The GUI Chooser shown in Figure 1, which welcomes the user when WEKA starts, allows switching between five interactive interfaces. The Explorer is the basic section that contains the tools for the algorithms used to examine and analyze a dataset and visualization. The Experimenter provides performance statistics by benchmarking different classifiers or filters applied to the problem. In addition, advanced users can distribute the computational load to multiple machines by using a Java remote method invocation. The Knowledge Flow is an interface which serves to establish learning models in the form of a data stream by combining graphical blocks representing data sources, preprocessing tools, learning algorithms, evaluation methods and visualization modules.

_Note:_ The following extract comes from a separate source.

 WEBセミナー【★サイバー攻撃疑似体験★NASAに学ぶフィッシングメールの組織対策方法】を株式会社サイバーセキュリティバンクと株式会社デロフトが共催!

The Workbench is a stand binding all graphical interfaces within a single window in which the appearance of applications and plug-ins can be customized. Even if the interactive interfaces fulfill the need for many problems, in case they are inadequate for advanced analysis, the SimpleCLI which is a text based coding section completes the task. The SimpleCLI is also advantageous in terms of memory consumption.

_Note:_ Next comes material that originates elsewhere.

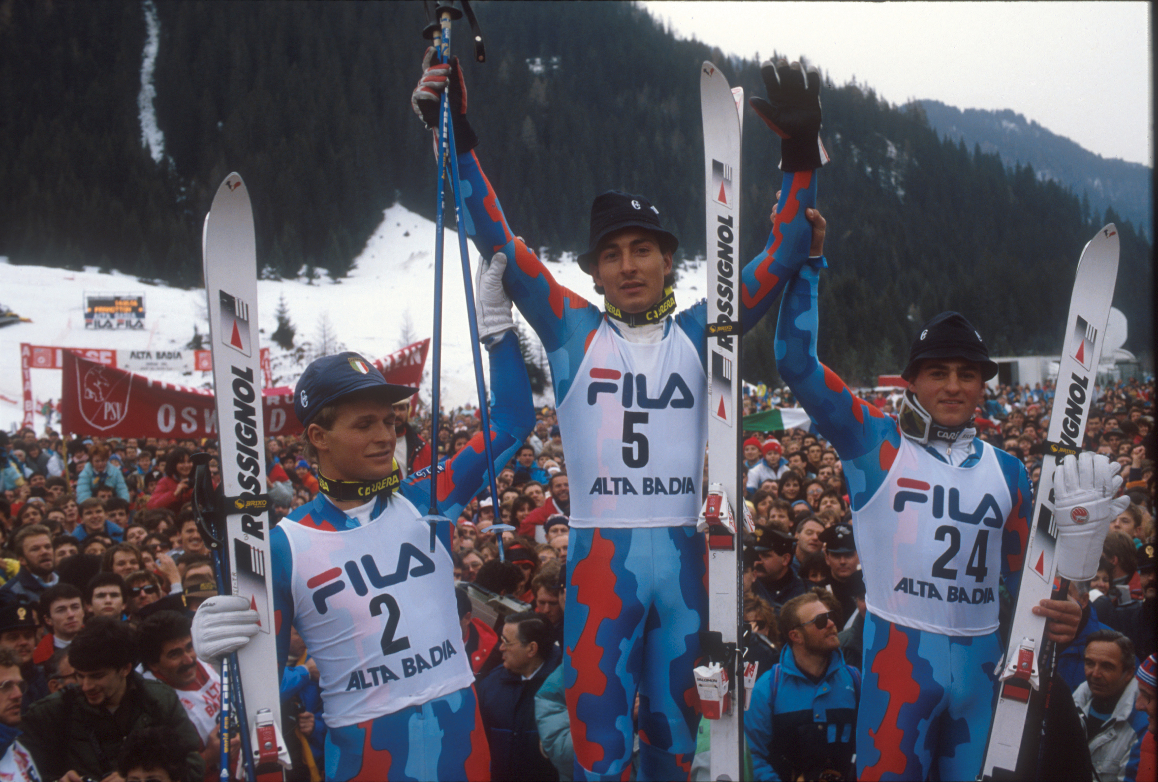 Ma resta una pagina unica. Per trovare qualcosa di simile, ma non proprio identico, bisogna risalire al 25 e 28 gennaio 1986, quindi a distanza di tre giorni: Michaela Marzola, all’epoca 19 anni e per altro pure lei gardenese, si impose nel superG di Megeve, in Francia, prima e unica vittoria in Coppa del Mondo; il 28 gennaio successivo Richard Pramotton da Courmayeur, grande campione eclissatosi troppo presto, vinceva per la prima volta nel circuito maggiore trionfando in gigante nel “tempio” di Adelboden, per altro davanti a un altro azzurro, Marco Tonazzi.

4.1 Attribute-Relation File Format
Attribute-Relation File Format (ARFF) developed for WEKA is a text-based dataset file consisting of two distinct sections called HEADER and DATA as shown in the Figure 2 below. The Header Section contains information lines about the source and content of the data set, which are written after “%” character, in order to inform the user; however, the comment lines are not interpreted by WEKA. In addition to the description lines, @relation refers to the descriptive name of the data set and this information is displayed in the Current Relation Field in the perspective of Preprocess when the data set is loaded.

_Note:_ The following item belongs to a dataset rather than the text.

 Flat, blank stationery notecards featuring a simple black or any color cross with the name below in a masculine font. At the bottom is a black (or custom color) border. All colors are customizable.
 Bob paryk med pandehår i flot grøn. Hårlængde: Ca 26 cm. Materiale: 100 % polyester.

The last part of the Header lists attributes with their types exposing the data structure. @attribute refers to the attribute name
108 Logistics 4.0: Digital Transformation of Supply Chain Management
Fig. 1: WEKA GUI Chooser.
followed by its type definition or nominal values. Type definition consists of numeric, string, date and relational. Curly Brackets, commas and spaces are used composing nominal values. The data section that is started with the @data tag contains instances on each row where it is mandatory that the sequence corresponds to the above definition and sequence declared by
@attribute. For unknown attribute value question mark is available instead of its value.
4.2 Explorer
It is the most commonly used interface in which tasks operated in the data mining process are provided to the user in six perspectives which are preprocess, classify, cluster, associate, select attributes, visualize. Initially, the data discovery to be analyzed is started on the preprocessing perspective, because the other perspectives will invisible unless a data set is properly loaded in the preprocessing section.
4.2.1 Preprocess
The data to be processed can be obtained from a file, a URL address, a database source or can be created artificially by means of DataGenerators. Furthermore, an interior editor is also provided for manual manipulation of data. This first step window performs two important tasks on the data set. The former provides information, such as the number of instances, the number of attributes, and statistical information for each attribute, to grasp the structure of the data set.
The latter provides a variety of filters implementing processes such as cleansing, transforming, integrating, reducing and discretizing. In the Filter Panel, filter parameters can be assigned in the TextField as text-based or by selecting options on the GenericObjectEditor, the visual interface that appears when left-clicking. Changes made to the data can be canceled or saved for later use. Preprocess Screen can be viewed in Figure 3.
4.2.2 Classify
Numerous classifiers accessed by clicking the Classifier Button are organized according to key approaches as shown in Figure 4. The ones of the provided algorithms compatible with the dataset loaded in the previous step are visible and others are invisible in the list. The parameters of the selected algorithm can be edited with its TextField or GenericObjectEditor, as in classifiers counterpart. Four types of methods are presented to evaluate classifier performance.
1. Use training set: The classifier is tested with the data set used in its training.
2. Supplied test set: The classifier is tested with an exterior data set that is not used in its training.
3. Cross Validation: The data set is subdivided into groups and each one is held for testing, while others are used for training.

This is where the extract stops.